Rally-Logistik: Vor und während der Rallye Dakar ist eine bis ins Detail geplante Logistik erforderlich, um die Teams mit Aussichtauf Erfolg auf die Piste zu schicken. Volkswagen zeigt, wies geht.

>Über 9.000 extreme Rallye-Kilometer durch trockene Wüsten, durch höchste Anden-Gebirge oder über hartes Geröll – die Rallye Dakar 2009, die erstmals durch Argentinien und Chile führt, gilt nicht nur für die vier werksseitig eingesetzten Race Touareg 2 und ihre Besatzungen als die größte Herausforderung im Motorsport. Neben den sportlichen Prüfungen muss das gesamte Volkswagen-Team auch eine komplexe logistische Herausforderung meistern. Etwa 50 Tonnen Ersatzteile, Werkzeuge und Ausrüstung sowie Ingenieure und Techniker müssen täglich vor dem Eintreffen der Race Touareg im Zielort ankommen, um eine effektive und zuverlässige Betreuung zu ermöglichen. Dabei hat die Service-Crew während der Rallye, die sie fast jeden Abend an einen anderen Ort führt, auch selbst einen Marathon zu bewältigen.
»Die Planung für die kommende Rallye Dakar hat unmittelbar nach der vergangenen begonnen. Nach der ›Dakar‹ ist eben vor der ›Dakar‹, so Paco Crous, im Volkswagen-Team für die Logistik verantwortlich. »Die Service-Autos müssen vorbereitet werden, Zeitpläne erstellt sowie Unterbringung und Reise-Routen geplant werden. Eine große Herausforderung bei der neuen ›Dakar‹ ist unter anderem, dass die Trucks schon im November verschifft, aber erst Ende Dezember vor Ort von uns übernommen werden.«
Nach zuvor 29 Ausgaben durch Afrika – zumeist mit Start in Europa – beginnt und endet die Rallye Dakar 2009 erstmals in ihrer Historie in Buenos Aires und führt über eine Schleife, die zweimal die Anden überquert, durch Argentinien und Chile. Für die Logistiker bedeutet das eine neue Aufgabe. Bevor die vier Race Touareg 2 am 3. Januar über die Startrampe rollen, muss die komplette Flotte samt Equipment nach Südamerika verschifft werden.
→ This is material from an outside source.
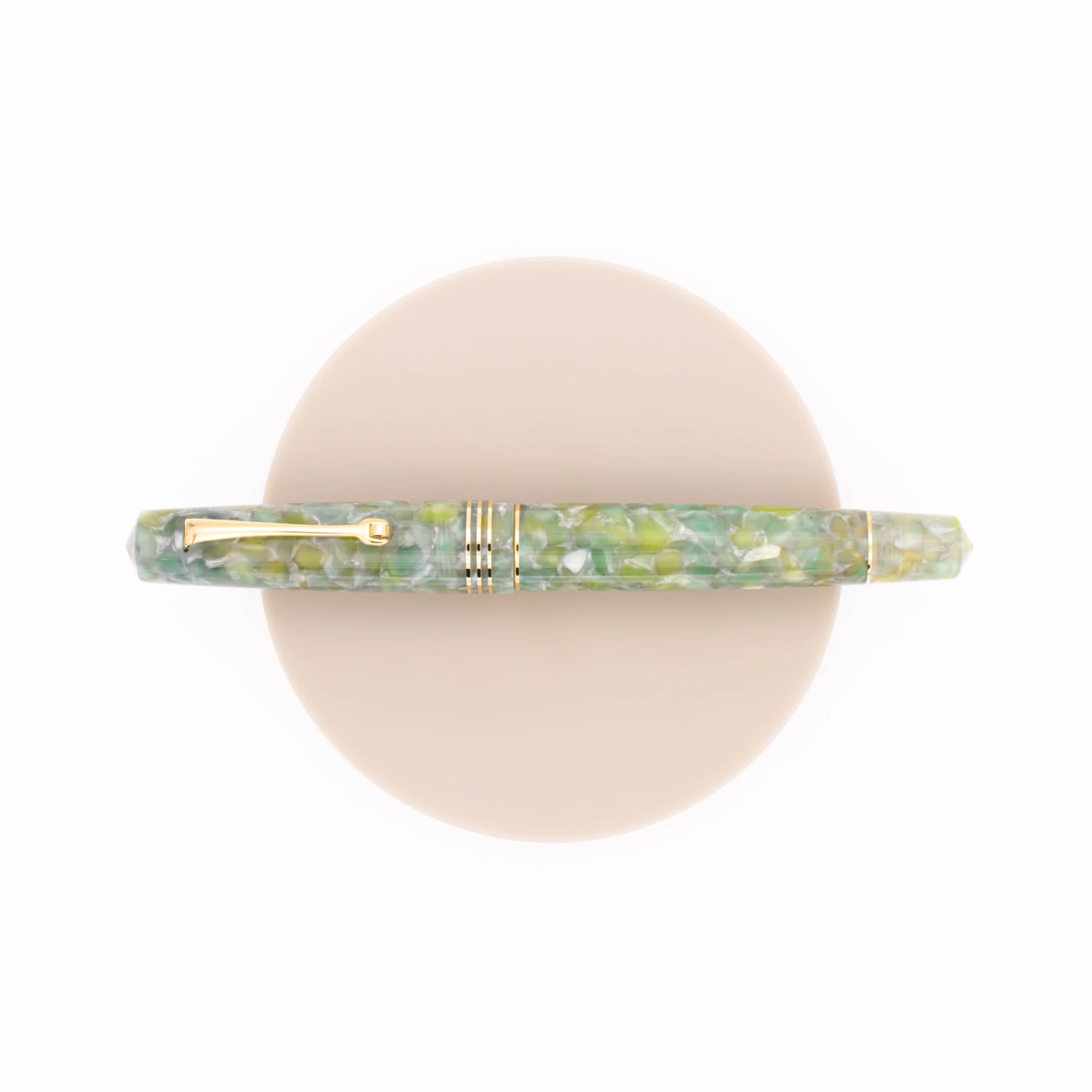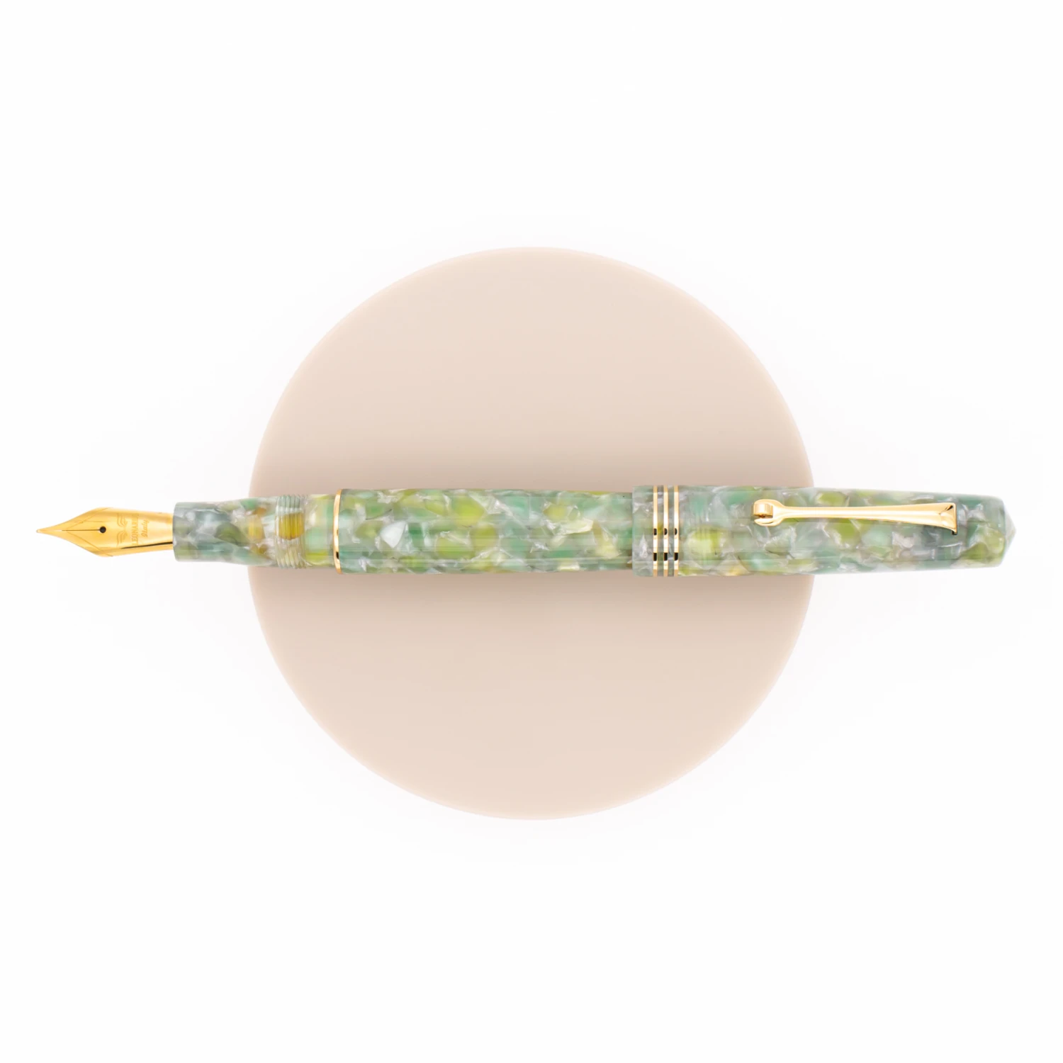 Leonardo Officina Italiana Momento Zero Giada & Oro è inspirata alla pietra verde Giada, simbolo di longevità e spesso usato come portafortuna. Pennino in acciaio e finiture dorate.

Der Tross gilt als Teilnehmer

Die MAN-Service-Trucks und die weiteren Begleitfahrzeuge, in der Mehrzahl speziell aufgebaute Volkswagen Touareg, gelten als echte Rallye-Teilnehmer und durchlaufen deshalb vor der Verschiffung im französischen Le Havre eine eigene technische Abnahme mit anschließendem Parc Fermé. Erst am 30. Dezember stehen die Fahrzeuge dem Team wieder zur Verfügung, wenn zusätzlich Zoll und Einreise erfolgreich absolviert sind. Damit verlagert sich auch ein wichtiger Teil des logistischen Aufwandes – verglichen mit den Vorjahren – nach vorn: Die Beladung der Service-Trucks, die neben Ersatzteilen auch Ausrüstung und Werkzeuge transportieren, muss zu diesem Zeitpunkt voll und ganz abgeschlossen sein. »Es ist nicht erlaubt, während der Rallye Ersatzteile nachzuliefern, deshalb muss alles perfekt geplant und verladen sein, bevor die Trucks in Le Havre an Bord des Schiffs gehen«, erklärt Lutz Meyer, Koordinator für Trucks und Equipment.

Mobiler Werkstatt-Service

Vier MAN-Trucks des Typs TGA 6x6 als Service-Trucks, drei MAN-Equipment-Trucks 6x6 sowie ein mobiler Ersatzteildienst für die Service-Fahrzeuge (4x4) sind für Volkswagen bei der Rallye Dakar 2009 im Einsatz. Sie dienen während des zweiwöchigen Marathons als mobile Werkstatt für die allabendliche Routine-Überprüfung der vier Race Touareg. Neben üblichen Verschleißteilen wie Reifen, Bremsscheiben und -belägen liegen alle wichtigen Ersatzteile griffbereit, denn jede ›Dakar‹ bietet unvorhergesehene Situationen, für die sich das Volkswagen-Team gerüstet hat. Zusätzlich führen die Trucks neben der persönlichen Ausrüstung der Mechaniker jeweils eine Auswahl spezieller Werkzeuge mit – eine bestens sortierte Werkstatt, die wüstentauglich ist. Die Equipment-Trucks dienen zusätzlich als Ersatzteillager, bei denen die Service-Trucks selbst nachfassen können. Darüber hinaus führen sie alles Nötige für das Biwak mit: von diversen Zelten über eine kompakte Küche bis hin zu zwei Duschen für die Teammitglieder. Jeden Abend wird im Etappenziel das Volkswagen-Biwak mit wenigstens 40 mal 55 Meter Größe abgesteckt und aufgebaut. Dann bilden die vier Service- und die Equipment-Trucks auf 2.200 Quadratmetern eine Wagenburg, die nur auf eines ausgerichtet ist: nämlich darauf, die optimale Wartung der vier Race Touareg 2 zu ermöglichen.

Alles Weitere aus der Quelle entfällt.